Highlights & Insights¶
- Decoupling "High Loss" from "Poor Learning": Decomposing diffusion loss into a "data-determined optimal baseline + model-determined optimization gap" is the most insightful aspect of this work—it gives absolute meaning to a metric previously treated as purely relative.
- Training-free Estimator: cDOL estimates the optimal loss using only the dataset, without needing to train models first. This allows it to guide schedule design before training begins at negligible cost.
- "Forcing a Dominant Sample" as a General Trick: In importance sampling where weights are dominated by a few neighbors (e.g., kernel density/expectation estimation), forcing known dominant samples into the subset and correcting the bias is an elegant, transferable technique for bias-variance balancing.
- "Subtracting the Baseline" for Scaling Laws: For any task with a non-zero loss lower bound (not just diffusion), subtracting the theoretical floor before fitting power laws yields cleaner scaling relations—a perspective worth transferring to other generation/regression tasks.

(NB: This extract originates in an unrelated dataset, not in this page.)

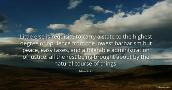 "Little else is requisite to carry a state to the highest degree of opulence from the lowest barbarism but peace, easy taxes, and a tolerable administration of justice: all the rest being brought about by the natural course of things." FixQuotes, 17 Jan. 2026, https://fixquotes.com/quotes/little-else-is-requisite-to-carry-a-state-to-the-29532/. Accessed 22 Feb. 2026.

Limitations & Future Work¶
- Estimator Complexity: While cDOL reduces \(O(N^2)\) to subset scales, \(M\) still often needs to reach 2–3x of \(N\) for convergence. The trade-off between cost and precision on ultra-large datasets requires more validation.
- Optimal Loss \(\neq\) Generation Quality: The authors emphasize that estimating optimal loss is not for "reaching" it (which would cause overfitting) but for providing an absolute metric. Its relationship with inference (FID) is complex, as evidenced by the negative correlation near the critical point.
- Empirical Components in Schedule: Hyperparameters like the truncation \(w^\star\) and Gaussian parameters \(\mu, \varsigma\) still require manual selection; the paper provides principles but not a fully automated method.
- Extensions: Applying this absolute metric to generalization analysis (training vs. test loss gap) or extending it to text/video diffusion models with higher dimensions and complex conditioning is the natural next step.
Related Work & Insights¶
- vs. Bao et al. (Analytic-DPM): They derive optimal ELBO under discrete Gaussian reverse processes to determine optimal reverse (co)variance; this work considers the general continuous case and provides a training-free estimator for the optimal loss value itself.
- vs. Karras et al. (EDM / EDM2): EDM models decompose the design space and tune weights empirically; this work provides a more principled basis for such schedules using the "loss gap" and further improves FID even on top of EDM2.
- vs. Existing Diffusion Scaling Studies: Prior works often use raw training loss, which is "contaminated" by the optimal loss floor. This work uses the loss gap to correct the power law form.
Rating¶
- Novelty: ⭐⭐⭐⭐⭐ Systematically proposes and estimates "optimal loss" for diffusion, turning a relative metric into an absolute one.
- Experimental Thoroughness: ⭐⭐⭐⭐ Extensive coverage of CIFAR-10/ImageNet across scales (120M–1.5B).
- Writing Quality: ⭐⭐⭐⭐ Logical progression from theory to application; however, heavy use of notation might pose a barrier to general readers.
- Value: ⭐⭐⭐⭐⭐ Provides a reusable diagnostic tool + plug-and-play schedule + cleaner scaling framework with universal value for diffusion research.